Юлия Лавряшина

Наваждение Пьеро

Ему снилось, что он летит над землей на корабле. Темное от времени, просоленное дерево по-стариковски стонало, а голая мачта, казалось, цеплялась за ветер, чтобы удержаться даже не на поверхности океана, скорее — над ним. Она выглядела жалкой и бесполезной, как скелет кем-то съеденной рыбы, вот только во сне Никите не было дано узнать: кто украл его парус?

Он упустил момент, когда попытки высоких волн дотянуться до его корабля переросли в штормовое неистовство. А позднее, уже днем, подумал, что, наверное, сны просто сглатывают эти переходные состояния, ведь их время ограничено, и нужно успеть провести человека через главное: штиль — шторм. Остальным, невнятным и зыбким, наполнены дни…

Никита понимал: этот шторм придумал он сам. Просто изнемог оттого, что ничего не происходит. Тягучая мелодия жизни, похожая на заунывные звуки губной гармошки, вытягивала душу, хотя каких-то три года назад он и не замечал этой монотонности. До того момента, как одно лицо из тысячи плоских, словно нарисованных на длинном панорамном холсте, вдруг не выделилось из этой череды. Не заставило вздрогнуть, как море сотрясается от подземного толчка, за которым следует такая волна, какой никто и не ждал.

Оказалось, он просто не рассчитал свои силы. Подспудно желая, чтобы все в нем наконец всколыхнулось и задышало совсем в другом ритме, Никита и представить не мог, что этот ритм окажется сумасшедшим до такой степени. Он всего лишь хотел немного встряхнуться, а его вывернуло наизнанку… Теперь он не узнавал себя.

Долетавшие снизу брызги намочили его рубашку, такую, каких Никита никогда не носил, — черную, шелковую, с просторными рукавами. Она оказалась не застегнутой, просто заправленной в брюки, и волосы на груди тоже покрылись капельками. Этого не могло быть, но Никите чудилось, что он каждым волоском ощущает ледяной бисер, который его самого превращал во что-то другое, продолжая череду изменений. Чем она могла закончиться?

Возбужденные вопли чаек проникали прямо в его кровь и растекались в ней толчками, будто все еще подгоняемые взмахами крыльев. В их движениях чувствовалось нарастающее отчаяние, которое грозило довести до кипения даже его разум. Впрочем, может быть, это уже произошло…

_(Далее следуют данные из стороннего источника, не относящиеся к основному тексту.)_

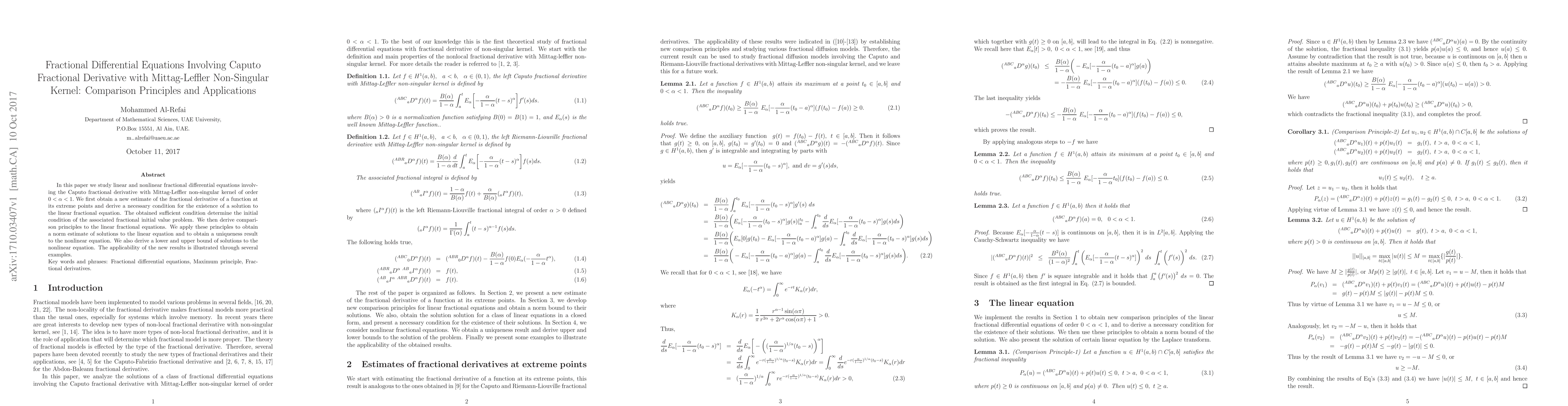 This paper investigates linear and nonlinear fractional differential equations using the Caputo fractional derivative with a Mittag-Leffler non-singular kernel. It establishes new estimates and comparison principles, and applies these to derive existence, uniqueness, and bounds for solutions, illustrated through practical examples.
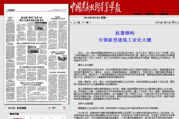2014年5月12日,《中國(guó)高新技術(shù)產(chǎn)業(yè)導(dǎo)報(bào)》C8版《科技創(chuàng)新》報(bào)道:《杭蕭鋼構(gòu)引領(lǐng)新型建筑工業(yè)化大潮》。
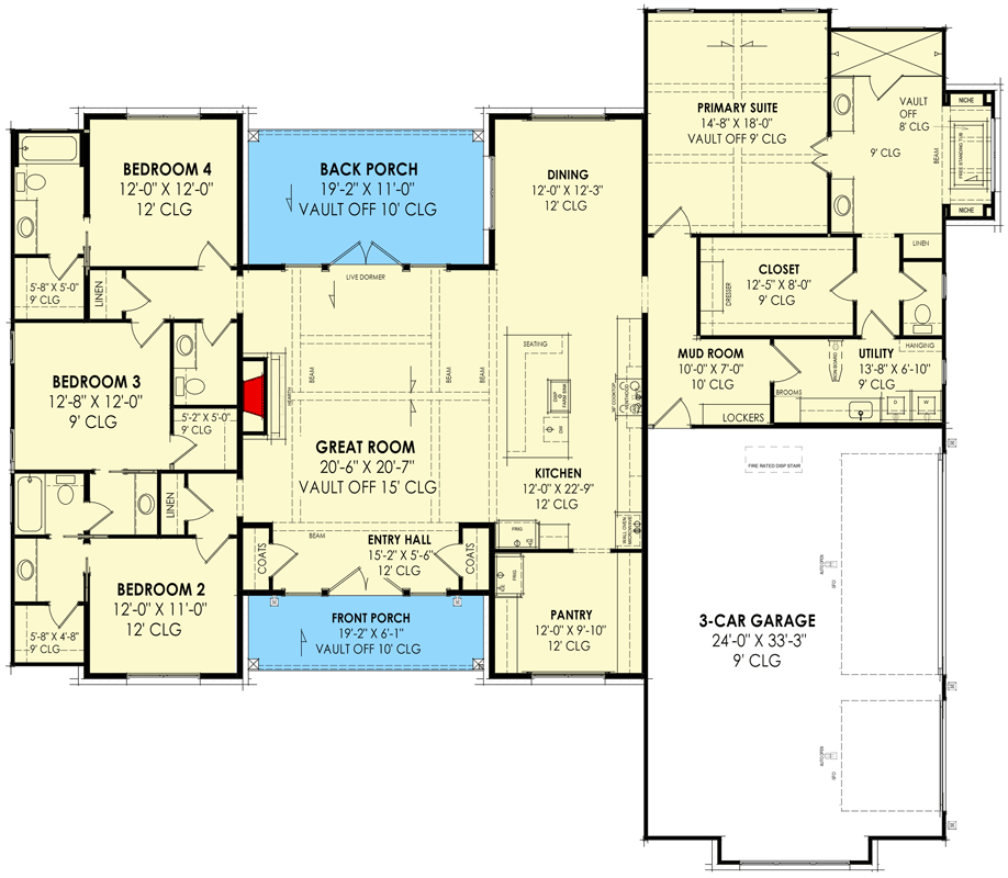 - Primary Roof Pitch: 14:12 with secondary 12:12
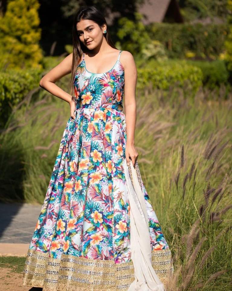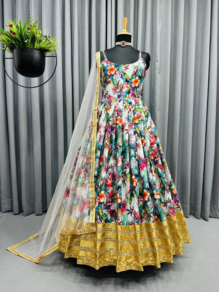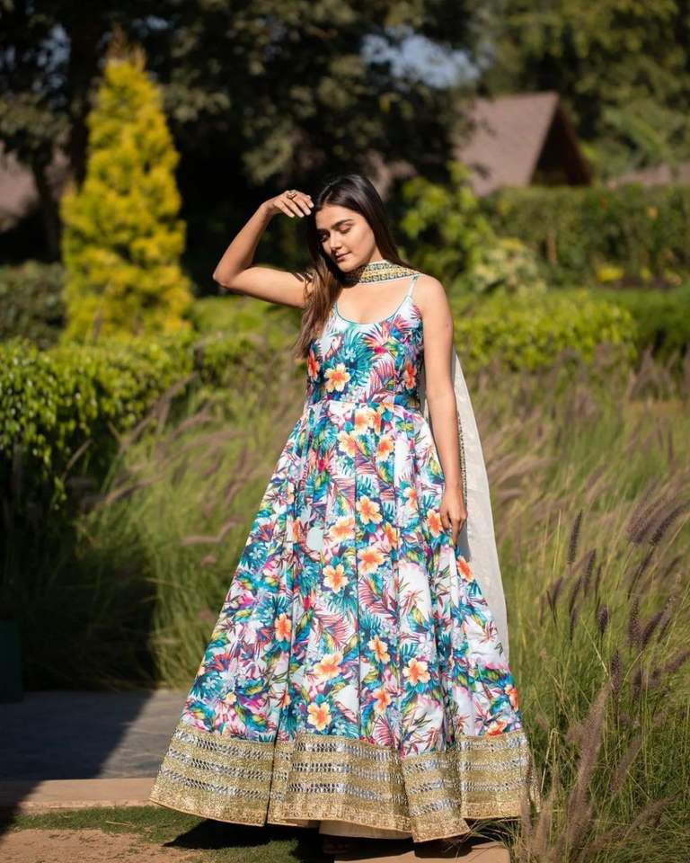 พิมพ์ Anarkali Kurti กับ Dupatta พรรคสวมชุดยาว Anarkali กับนักออกแบบเย็บปักถักร้อยหนัก

Содрогнувшись от такой догадки, Никита наспех вытер лицо влажным рукавом, и это прикосновение, приснившееся, но такое осязаемое, оставившее на коже ощущение солоноватой прохлады, заставило его подумать, что и пригрезившееся безумие реально лишь наполовину. Но, не проснувшись, Никита не мог понять, что именно неправда: то, что оно случилось с ним, или же то, что его удалось избежать?

«Я не позволю ему справиться со мной!» — протестующе крикнул он и проснулся от своего голоса, который прозвучал только внутри него, но так громко, что сумел разбудить.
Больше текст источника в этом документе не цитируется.